Have you seen any regular asphalt shingles with an Energy Star label, it seems to good to be true.

Are you trying to tell me they can get a tax credit for a regular asphalt shingle? I doubt it.


----------



## serrano

One of the Decra stone coated shingle colors are getting or is a reflectiveshingle,I believe it is Mist Green?


----------



## Ed the Roofer

Jack The Roofer said:


> Have you seen any regular asphalt shingles with an Energy Star label, it seems to good to be true.
> 
> Are you trying to tell me they can get a tax credit for a regular asphalt shingle? I doubt it.
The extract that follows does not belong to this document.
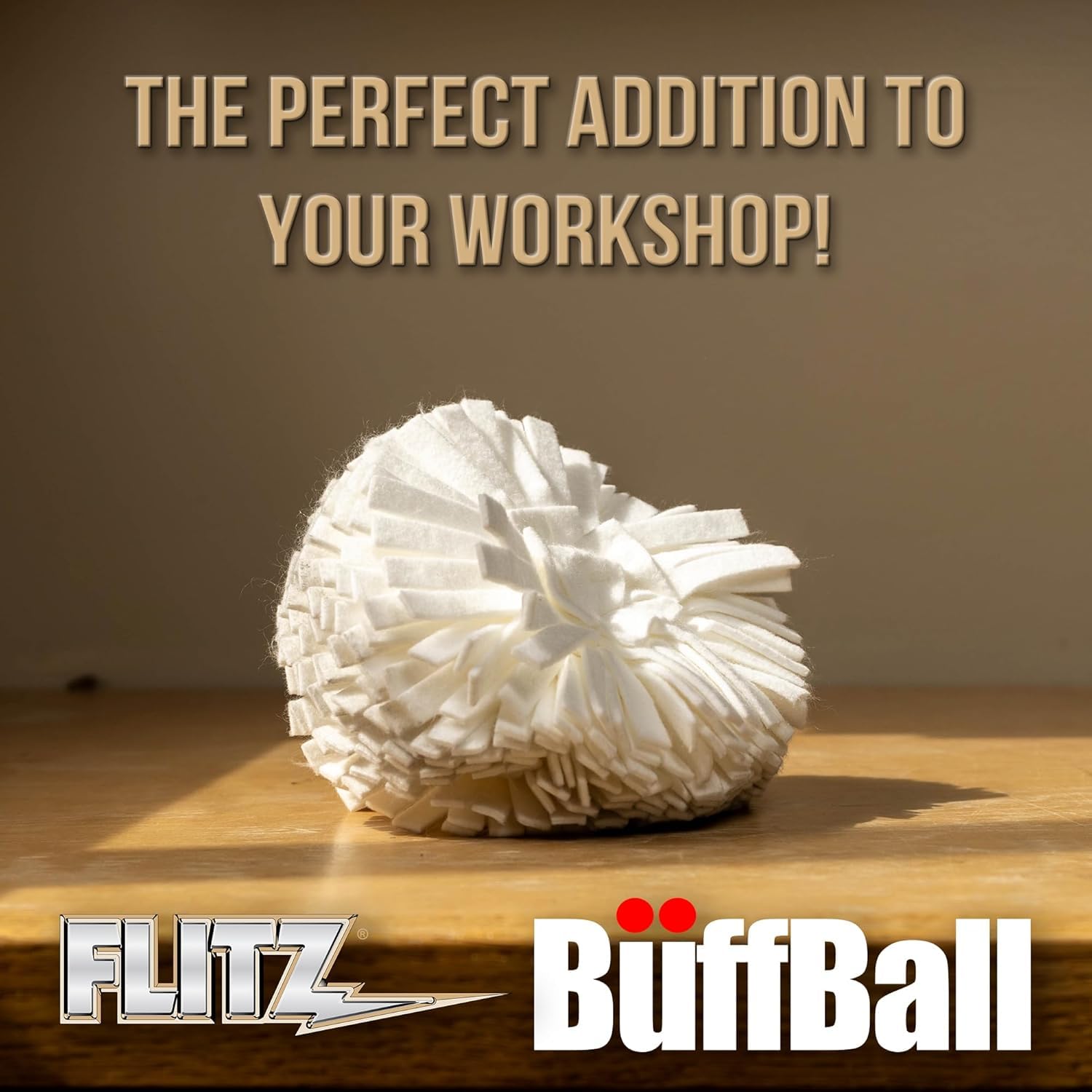 Flitz Buff Ball w/ 1.76oz Metal Polish Paste - 7in Drill Buffer Polisher Attachment for Any 3/8in Drill - Self-Cooling, Washable Polishing Ball to Buff, Shine, & Protect All Metals, Plastics (1 Pack)

Look at the list. There are several regular style shingles that qualify.

Ed


----------



## serrano

I dont believe any of the asphalt shingles are available for national distribution.The decra can be purchased nation wide.


----------



## ronbryanroofing

So US manufactured only? We use IKO here almost exclusively (made in Canada) they didn't make the list? Well at least we are using recycled (40%). I didn't see Atlas there, they are made here, are they not on there? 
Tax benefits are great for us. Thank you Mr. President.


----------



## ARoofersRealBoss

I was doing some research after reading this post and found this link. I just found it and haven't read through it completely but looks like $1500 is the cap. 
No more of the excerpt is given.